Only the lines below between the one holding "Estas son las" and the one holding "Figure 6. (a)", inclusive, are to be reproduced word for word; the pictures are to be left out.

[Data entries]
************

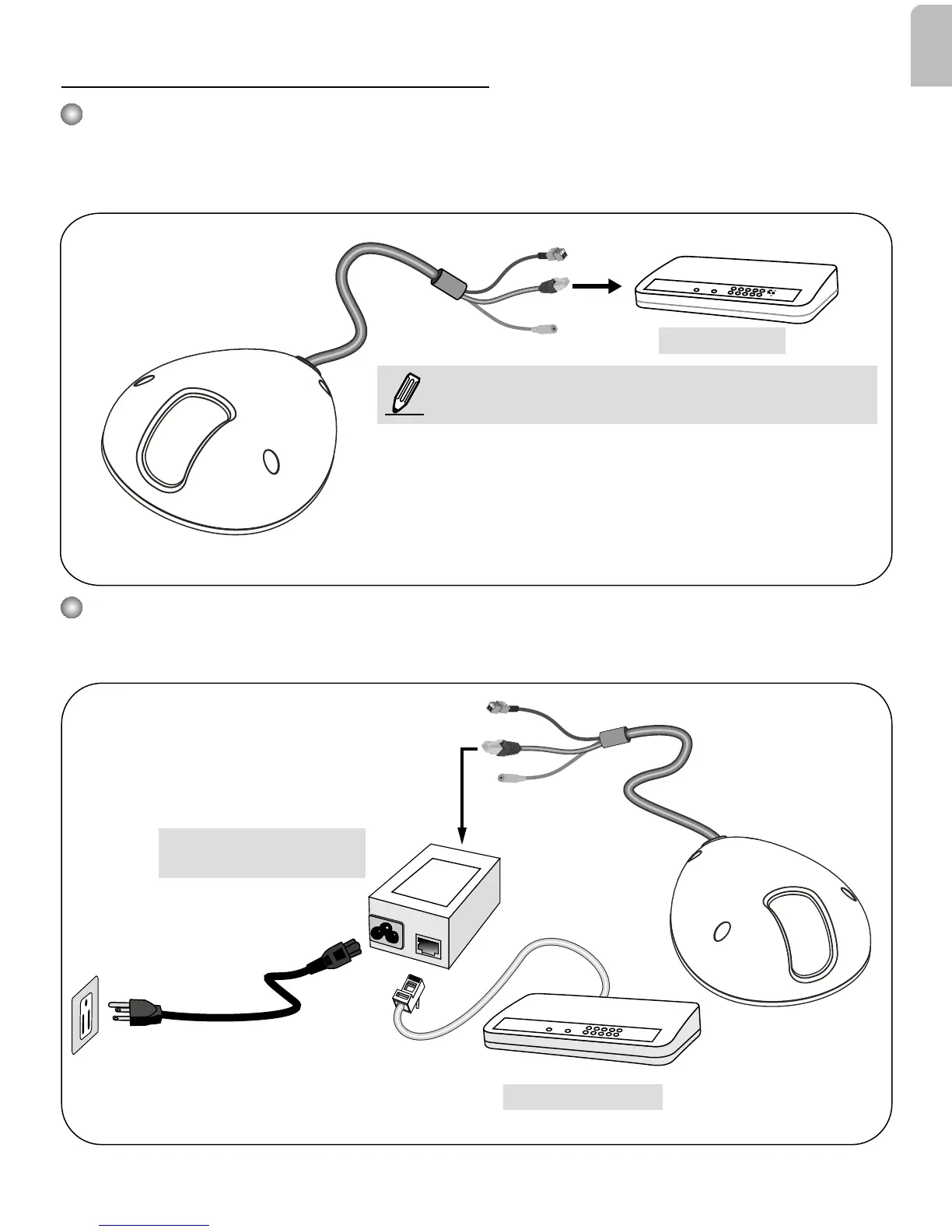 Use a PoE power injector (optional) to connect between the Network Camera and a non-PoE
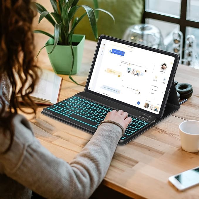 • ✔【Detachable Wireless Keyboard with Rainbow Backlit】7 colors rainbow back-light make typing fun and easy in the dark/night. The Bluetooth connection is stable and mechanical scissor keys are quiet with rebound feature. With the U.S Chipset, helping you to type stable and fast. Rechargeable battery make keyboard can work wireless for longer time, provide the freedom to read or work anywhere at any time
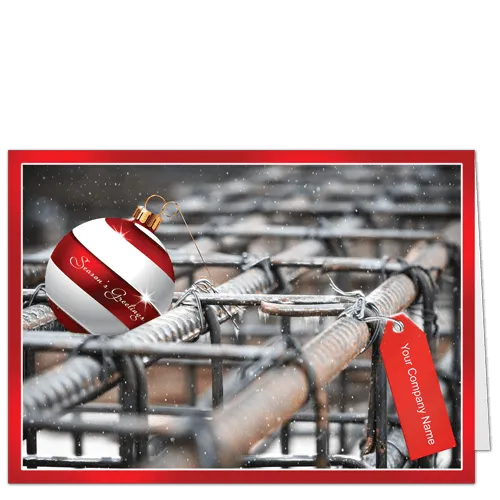 Our Civil Engineering Christmas Card is All Wire Tied Up and Structurally Sound. Personalize Online With Your Choice of Greeting on the Christmas Ornament and Edit The Gift Tag to Feature Your Own Company Name on the Card Front ~
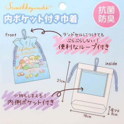 すみっコぐらし 内ポケット付き 巾着 2枚セット 抗菌・防臭仕様 マチ付き ループ付き 巾着袋 小物入れ すみっこぐらし 收藏
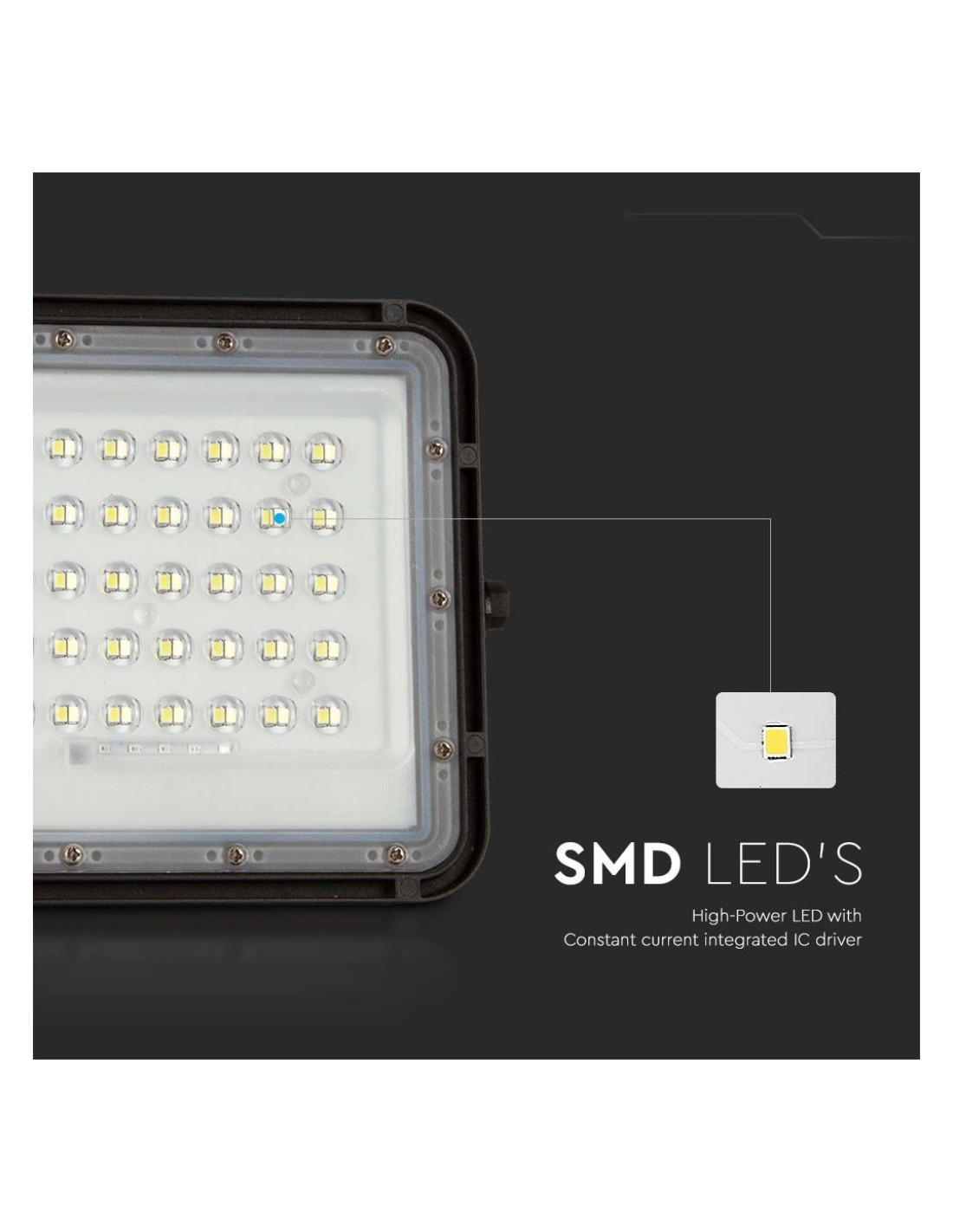 V-tac vt-80w sku 7823 è un faro led esterno con colore della luce bianco freddo 6400k di alta qualità con alimentazione solare, progettato per offrire un'illuminazione potente e affidabile. Con una potenza di 10w e l'adozione della tecnologia led smd, questo faro garantisce una luminosità ottimale in ogni situazione. La sua struttura è realizzata in alluminio resistente di colore nero, mentre la copertura trasparente assicura una diffusione chiara e diretta della luce._x000D_ _x000D_ _x000D_ il faro presenta un fascio luminoso ampio di 120°, capace di produrre un flusso luminoso di 800 lm. Questo si traduce in un'efficienza luminosa di 80 lm/w, garantendo un'illuminazione efficiente e costante. La robustezza del prodotto è ulteriormente evidenziata dal suo grado di protezione ip65, che lo rende resistente alle intemperie e ideale per l'uso esterno, anche in condizioni di pioggia prolungata._x000D_ _x000D_ _x000D_ _x000D_ _x000D_ _x000D_ _x000D_ _x000D_ _x000D_ _x000D_ alimentazione e controllo_x000D_ _x000D_ una delle caratteristiche distintive di sku 7823 è la sua capacità di alimentazione solare. Dotato di un pannello solare di dimensioni 174 x 340 mm, il faro è in grado di operare in modo autonomo grazie alla batteria integrata da 6000mah. Questa combinazione permette al faro di garantire un'autonomia di 12 ore, con un tempo di ricarica compreso tra 4 e 6 ore. La flessibilità nell'installazione è assicurata dal cavo di collegamento da 3 metri, che permette di posizionare il pannello solare nella posizione più ottimale._x000D_ _x000D_ _x000D_ per una gestione pratica e personalizzata dell'illuminazione, il faro viene fornito con un telecomando. Questo strumento permette di accendere e spegnere il dispositivo, regolarne l'intensità luminosa e attivare diverse modalità operative, tra cui una funzione timer di spegnimento programmabile a 3/5/8 ore._x000D_ _x000D_ _x000D_ _x000D_ installazione e accessori_x000D_ _x000D_ per una corretta installazione, si consiglia di posizionare il faro ad un'altezza di circa 3,5-4 metri. Nel pacchetto sono inclusi tutti gli accessori necessari per un montaggio sicuro e stabile, tra cui un kit di installazione completo. La sua versatilità lo rende adatto a diverse tipologie di ambienti esterni, garantendo sempre un'illuminazione di qualità.
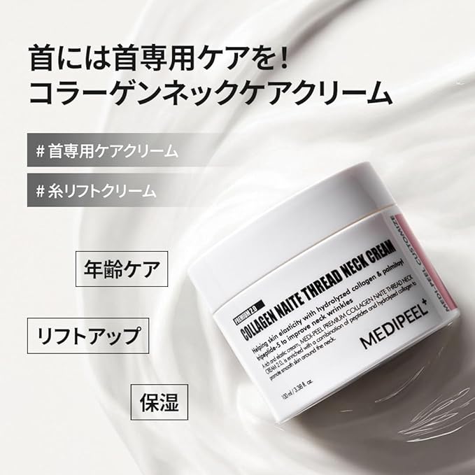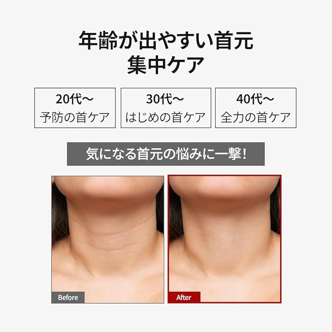 特徴 乾燥によるたるみに役立つ, びよーんと伸びるクリームがシワの細部まで沁みこむのにべたつかない, 糸リフト成分配合で首元の悩みに役立つ, 史上初!首元専用ケアクリーム
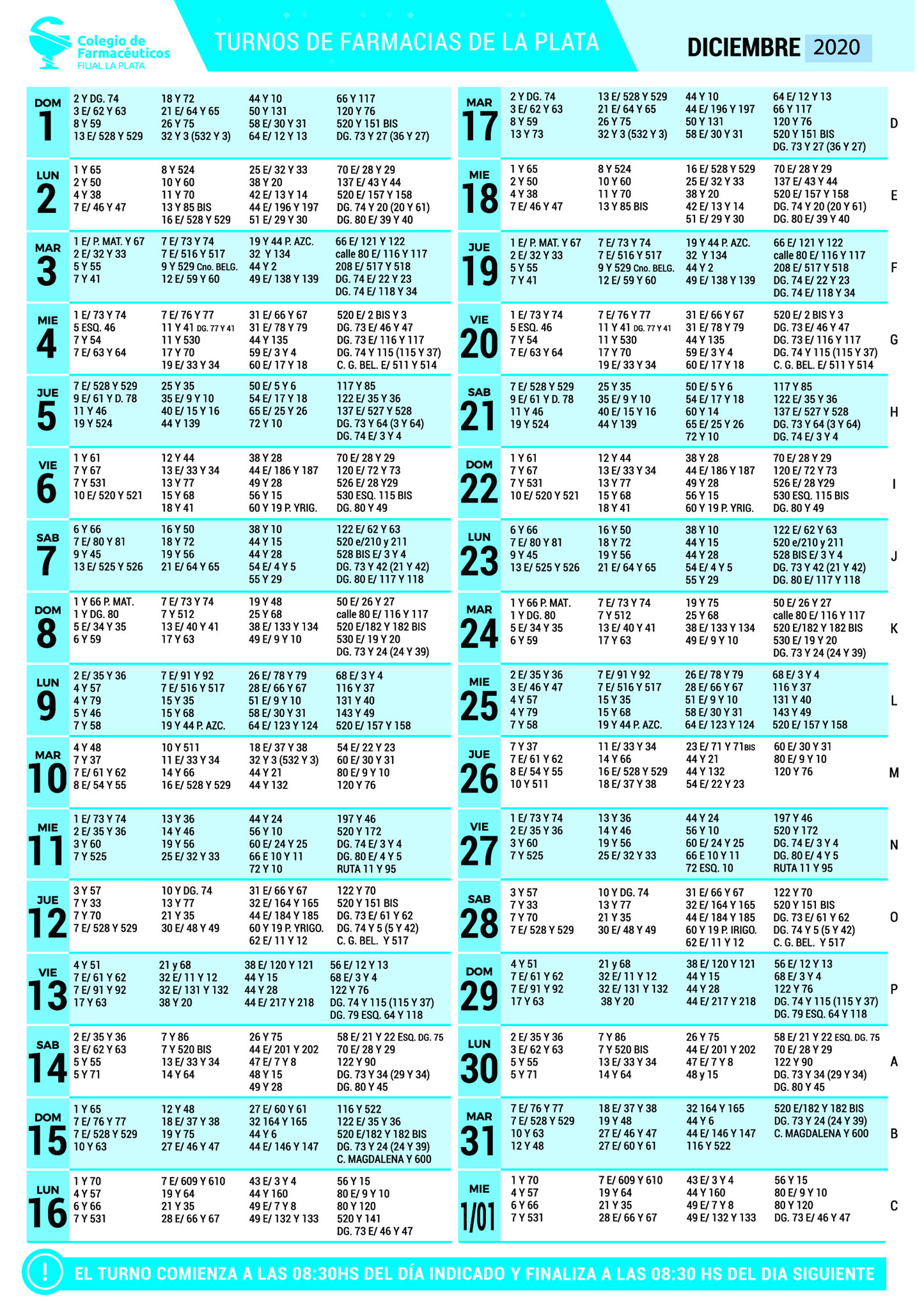 Estas son las farmacias de turno en el mes de diciembre del 2020. Recuerde que los turnos comienzan a las 8:30hs del día indicado y finalizan a la misma hora del día siguiente:
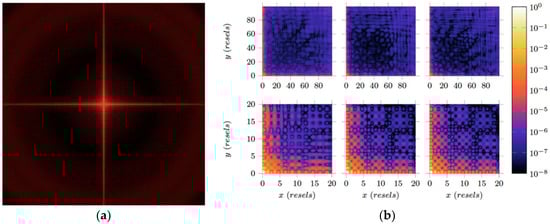 Figure 6. (a) Typical PSF at order 1 of a binary Fresnel zone plate for a square aperture; (b) Upper right quadrant of the PSFs of FIAs for various configurations (see [] for details). - Only 5% to 10% of the initial light is focused on the image plane. FI are radiometrically inefficient.
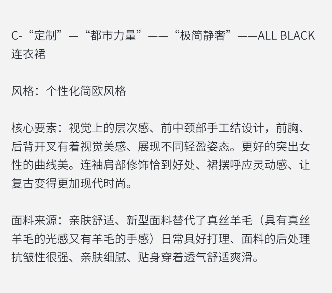 C系列——定制——都市力量——极简静奢——ALL BLACK气质连衣裙 2401006
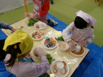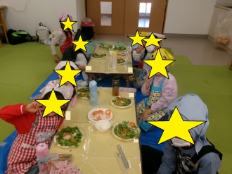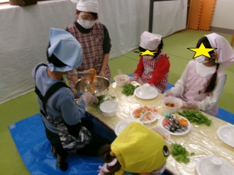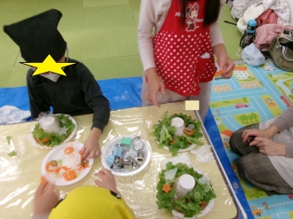 野菜を型抜きしたり、レタスを手でちぎったりしたよ。
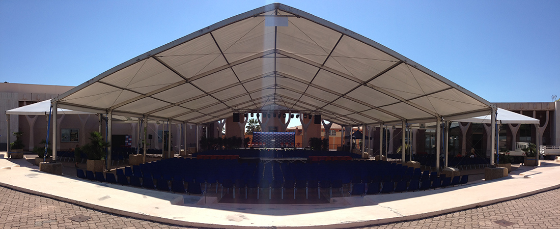 Un espace plein air de 700m², qui peut être utilisé en complément des espaces couverts et qui permet une implantation de tentes ou chapiteaux (500m²).
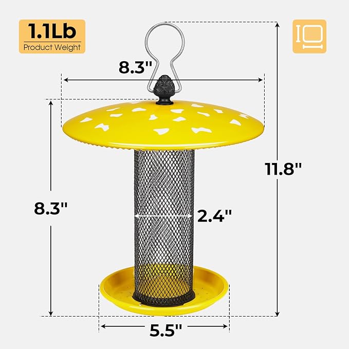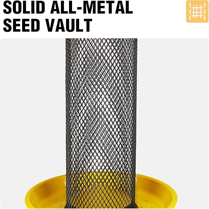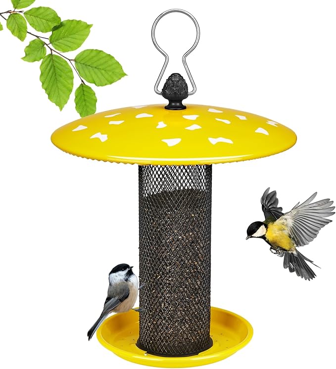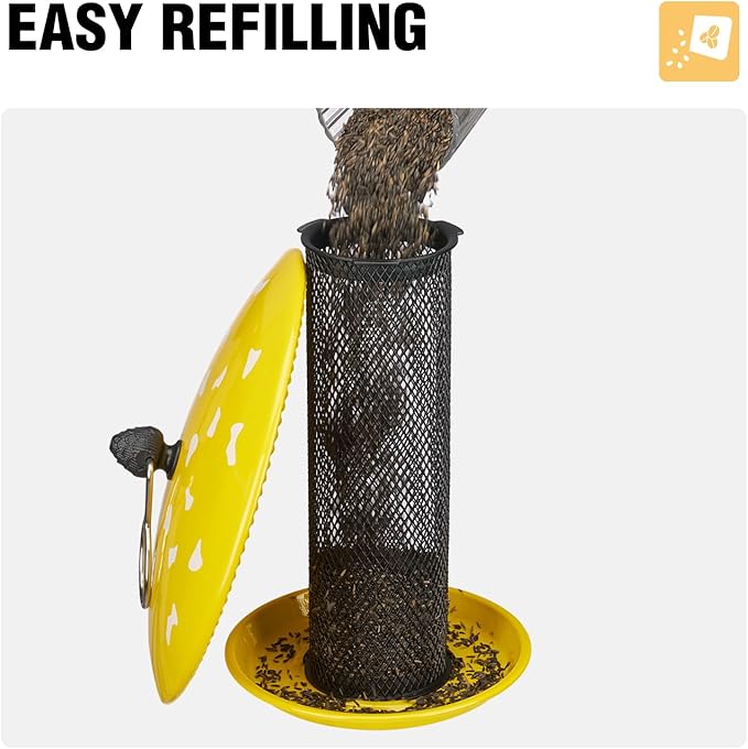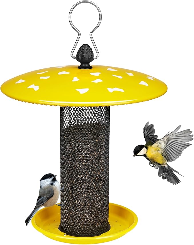 Veehoo Tube Bird Feeders for Outdoors Hanging-Finch Feeder for Nyjer Thistle Seed, Mushroom Metal Mesh Bird Feeder for Outside Hanging, Yellow
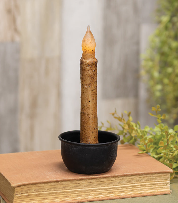 Indulge in the luxurious charm of our Old Black Metal Taper Bowl, featuring a velvety texture and delicate hints of weathered gray for a vintage aesthetic. This exquisite candle holder boasts a 3" diameter and stands at 1.75" in height, making it an ideal choice for our elegant taper candles.
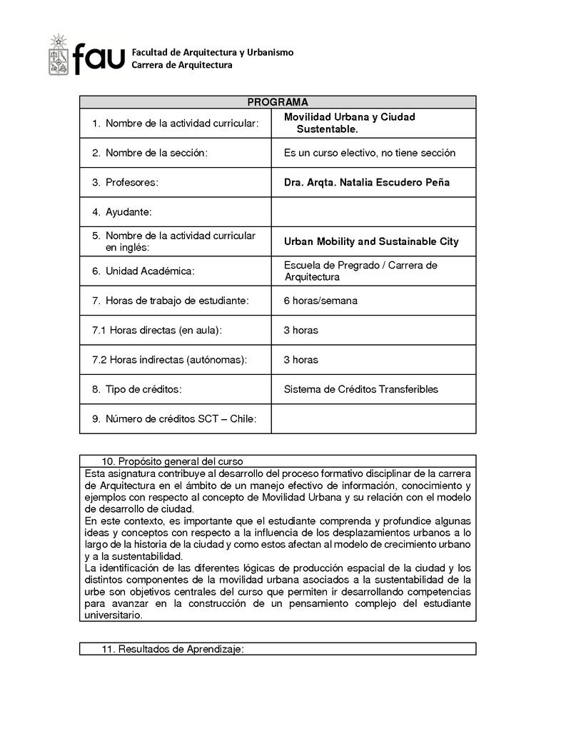 AUA60064-1 Electivo de especialización: Movilidad Urbana y Ciudad Sustentable 2019, Segundo Semestre
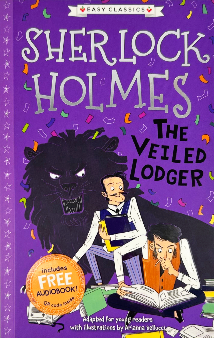 „Sherlock Holmes: The Veiled Lodger” to ilustrowana, uproszczona adaptacja klasycznej historii Arthura Conana Doyle’a, przygotowana dla dzieci, które lubią tajemnice, sekrety i bardziej mroczne zagadki detektywistyczne.
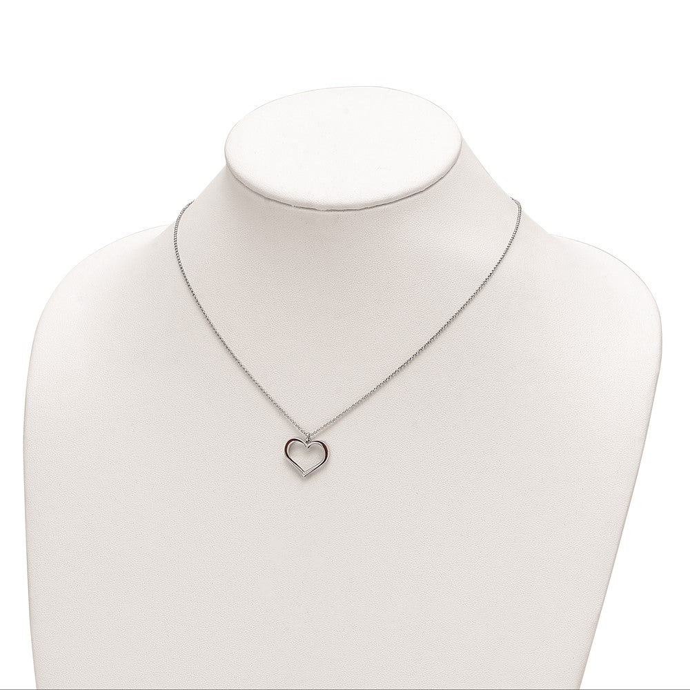 Sterling Silver Rhodium Plated Red Enamel Heart Adjustable Necklace with1 inch extension

************

Response
 Estas son las farmacias de turno en el mes de diciembre del 2020. Recuerde que los turnos comienzan a las 8:30hs del día indicado y finalizan a la misma hora del día siguiente:
 Figure 6. (a) Typical PSF at order 1 of a binary Fresnel zone plate for a square aperture; (b) Upper right quadrant of the PSFs of FIAs for various configurations (see [] for details). - Only 5% to 10% of the initial light is focused on the image plane. FI are radiometrically inefficient.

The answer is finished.